Source data START
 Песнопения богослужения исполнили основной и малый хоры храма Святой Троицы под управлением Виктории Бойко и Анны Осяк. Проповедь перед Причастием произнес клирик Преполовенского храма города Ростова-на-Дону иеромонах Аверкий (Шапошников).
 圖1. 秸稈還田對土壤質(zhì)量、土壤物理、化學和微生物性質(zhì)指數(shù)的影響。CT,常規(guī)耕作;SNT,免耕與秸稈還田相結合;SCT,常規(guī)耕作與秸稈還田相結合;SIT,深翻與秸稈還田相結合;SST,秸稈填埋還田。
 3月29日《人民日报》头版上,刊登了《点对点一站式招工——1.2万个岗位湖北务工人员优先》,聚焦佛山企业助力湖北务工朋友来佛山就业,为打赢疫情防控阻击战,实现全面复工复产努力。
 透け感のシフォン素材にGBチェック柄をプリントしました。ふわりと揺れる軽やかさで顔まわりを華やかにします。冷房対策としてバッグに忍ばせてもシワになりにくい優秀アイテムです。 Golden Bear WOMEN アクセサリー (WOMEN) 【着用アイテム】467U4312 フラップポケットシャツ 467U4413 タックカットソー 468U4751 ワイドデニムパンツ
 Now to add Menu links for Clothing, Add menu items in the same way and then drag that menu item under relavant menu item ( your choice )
Source data END
Source data START
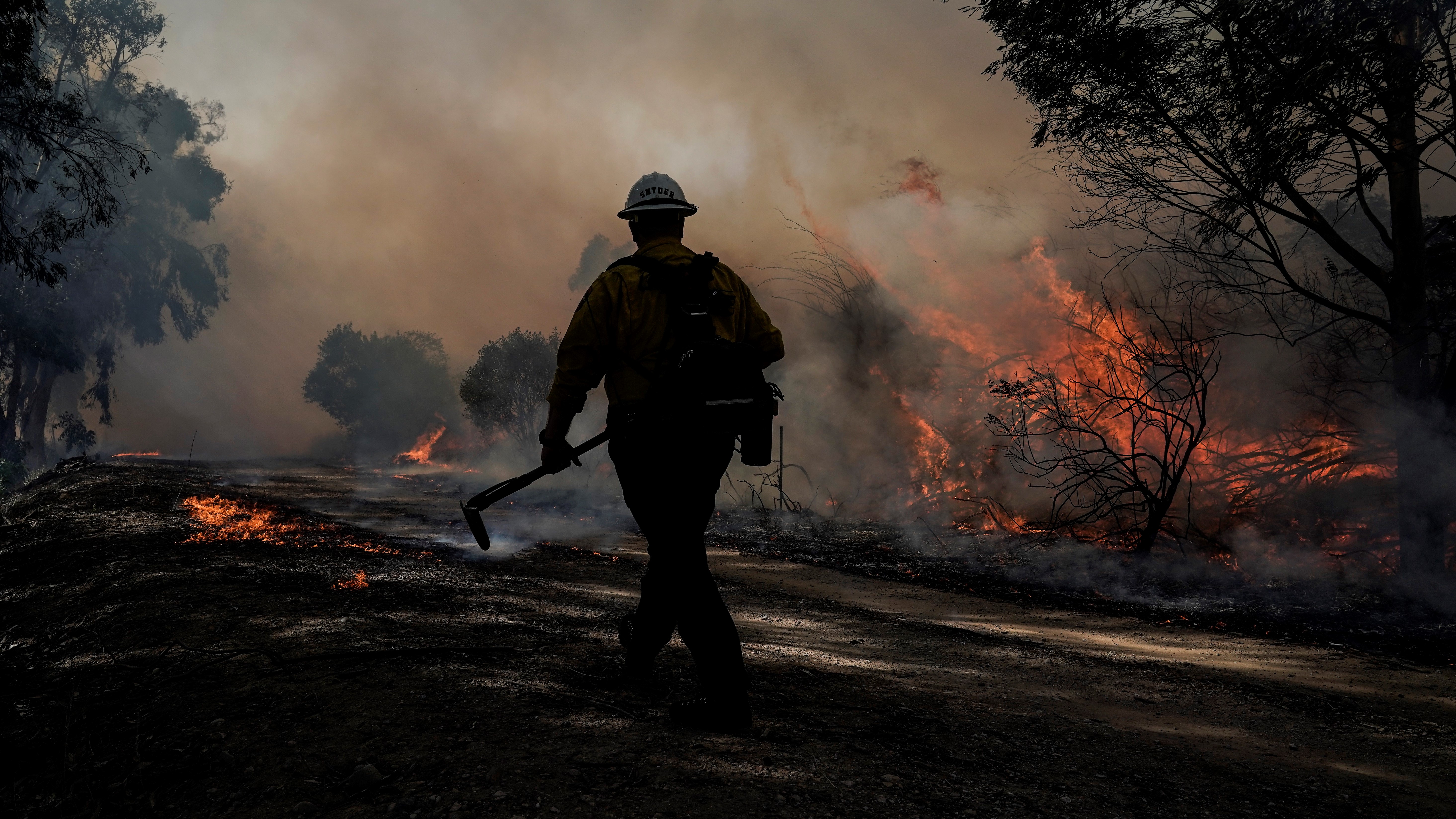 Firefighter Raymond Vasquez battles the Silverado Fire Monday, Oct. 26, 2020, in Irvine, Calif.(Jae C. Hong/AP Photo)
Source data END
Source data START
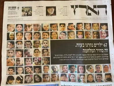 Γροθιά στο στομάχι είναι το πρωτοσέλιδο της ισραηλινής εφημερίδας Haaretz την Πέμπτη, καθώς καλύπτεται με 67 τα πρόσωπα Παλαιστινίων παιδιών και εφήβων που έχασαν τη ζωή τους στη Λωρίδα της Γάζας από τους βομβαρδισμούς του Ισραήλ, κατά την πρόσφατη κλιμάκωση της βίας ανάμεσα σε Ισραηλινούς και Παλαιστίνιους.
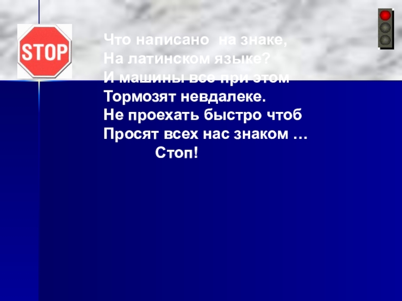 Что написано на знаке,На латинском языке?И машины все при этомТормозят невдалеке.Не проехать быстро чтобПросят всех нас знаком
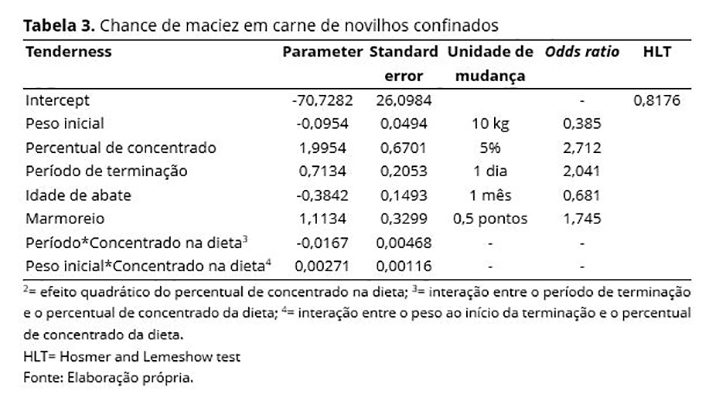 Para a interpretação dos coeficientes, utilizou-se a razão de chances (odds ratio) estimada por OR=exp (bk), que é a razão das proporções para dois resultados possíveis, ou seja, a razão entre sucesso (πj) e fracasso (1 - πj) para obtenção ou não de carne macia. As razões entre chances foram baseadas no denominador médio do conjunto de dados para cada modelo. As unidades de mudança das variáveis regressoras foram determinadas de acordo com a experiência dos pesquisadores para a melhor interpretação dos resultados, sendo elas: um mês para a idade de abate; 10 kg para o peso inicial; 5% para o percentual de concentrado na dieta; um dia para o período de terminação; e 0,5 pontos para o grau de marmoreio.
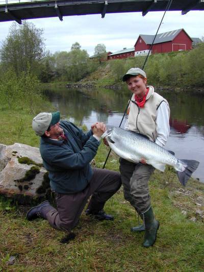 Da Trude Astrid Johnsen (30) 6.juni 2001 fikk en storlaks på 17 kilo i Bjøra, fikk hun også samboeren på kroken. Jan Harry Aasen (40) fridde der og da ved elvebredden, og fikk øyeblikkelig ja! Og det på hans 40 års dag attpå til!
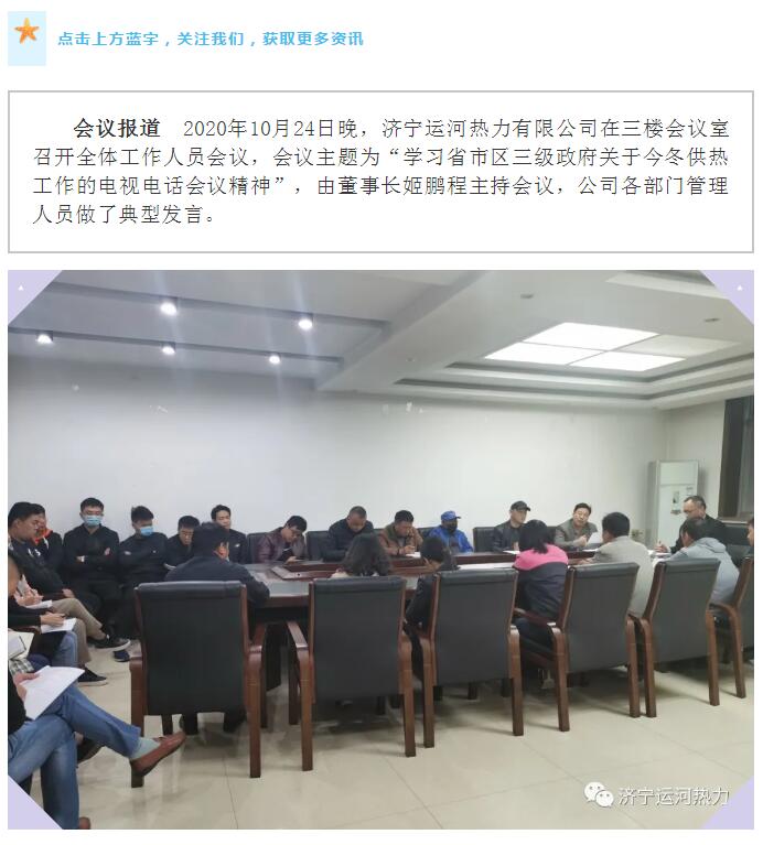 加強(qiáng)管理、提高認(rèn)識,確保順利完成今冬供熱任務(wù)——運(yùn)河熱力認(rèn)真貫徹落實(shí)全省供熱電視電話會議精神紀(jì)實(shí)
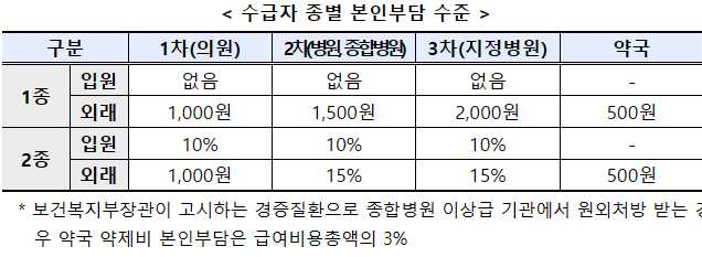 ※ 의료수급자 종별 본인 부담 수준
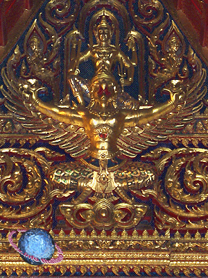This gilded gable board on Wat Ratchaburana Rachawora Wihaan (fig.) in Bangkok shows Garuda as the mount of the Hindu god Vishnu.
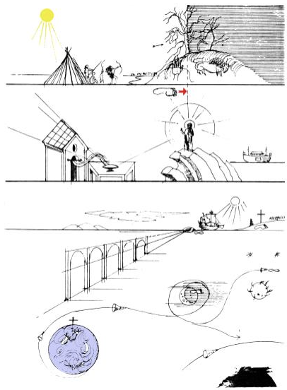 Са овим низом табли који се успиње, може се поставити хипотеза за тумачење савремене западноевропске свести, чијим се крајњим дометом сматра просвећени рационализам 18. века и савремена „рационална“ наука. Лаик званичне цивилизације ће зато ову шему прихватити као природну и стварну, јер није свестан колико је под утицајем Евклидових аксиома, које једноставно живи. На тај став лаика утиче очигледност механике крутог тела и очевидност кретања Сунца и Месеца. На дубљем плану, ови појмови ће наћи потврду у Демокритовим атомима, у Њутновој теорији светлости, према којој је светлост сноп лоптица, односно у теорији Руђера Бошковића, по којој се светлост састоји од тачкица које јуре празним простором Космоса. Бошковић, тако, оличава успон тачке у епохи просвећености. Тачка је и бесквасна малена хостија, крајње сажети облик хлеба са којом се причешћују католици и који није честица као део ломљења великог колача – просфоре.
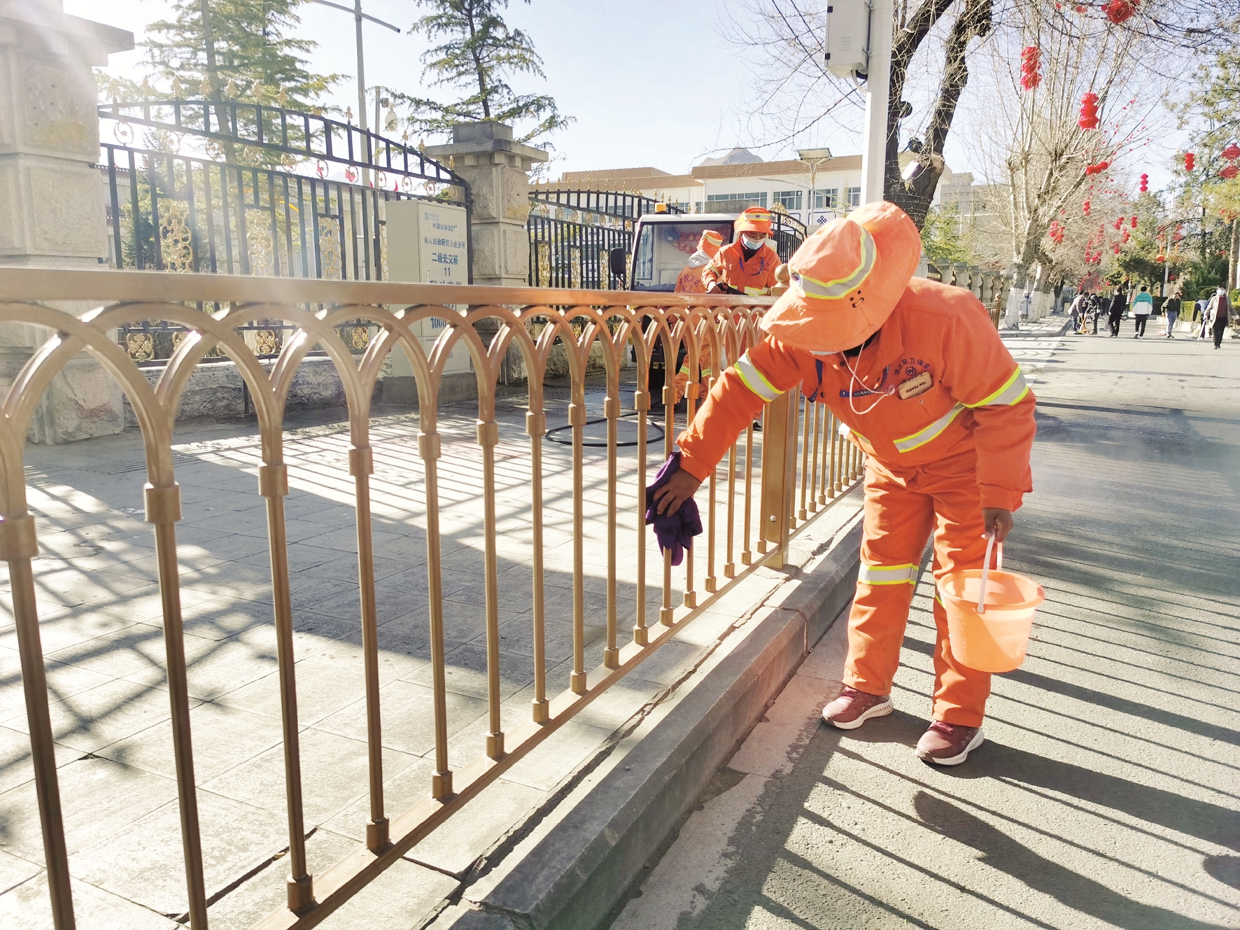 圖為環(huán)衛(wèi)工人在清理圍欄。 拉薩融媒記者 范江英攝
Source data END
**What you have to do:**
Using the listing above, reproduce word for word every line from the one containing "加強(qiáng)管理、提高" through the one containing "圖為環(huán)衛(wèi)工人在清理圍欄。 拉薩融媒記者 范江英攝". Pictures must be left out.

**Output for this exercise:**
 加強(qiáng)管理、提高認(rèn)識,確保順利完成今冬供熱任務(wù)——運(yùn)河熱力認(rèn)真貫徹落實(shí)全省供熱電視電話會議精神紀(jì)實(shí)
 ※ 의료수급자 종별 본인 부담 수준
This gilded gable board on Wat Ratchaburana Rachawora Wihaan (fig.) in Bangkok shows Garuda as the mount of the Hindu god Vishnu.
 Са овим низом табли који се успиње, може се поставити хипотеза за тумачење савремене западноевропске свести, чијим се крајњим дометом сматра просвећени рационализам 18. века и савремена „рационална“ наука. Лаик званичне цивилизације ће зато ову шему прихватити као природну и стварну, јер није свестан колико је под утицајем Евклидових аксиома, које једноставно живи. На тај став лаика утиче очигледност механике крутог тела и очевидност кретања Сунца и Месеца. На дубљем плану, ови појмови ће наћи потврду у Демокритовим атомима, у Њутновој теорији светлости, према којој је светлост сноп лоптица, односно у теорији Руђера Бошковића, по којој се светлост састоји од тачкица које јуре празним простором Космоса. Бошковић, тако, оличава успон тачке у епохи просвећености. Тачка је и бесквасна малена хостија, крајње сажети облик хлеба са којом се причешћују католици и који није честица као део ломљења великог колача – просфоре.
 圖為環(huán)衛(wèi)工人在清理圍欄。 拉薩融媒記者 范江英攝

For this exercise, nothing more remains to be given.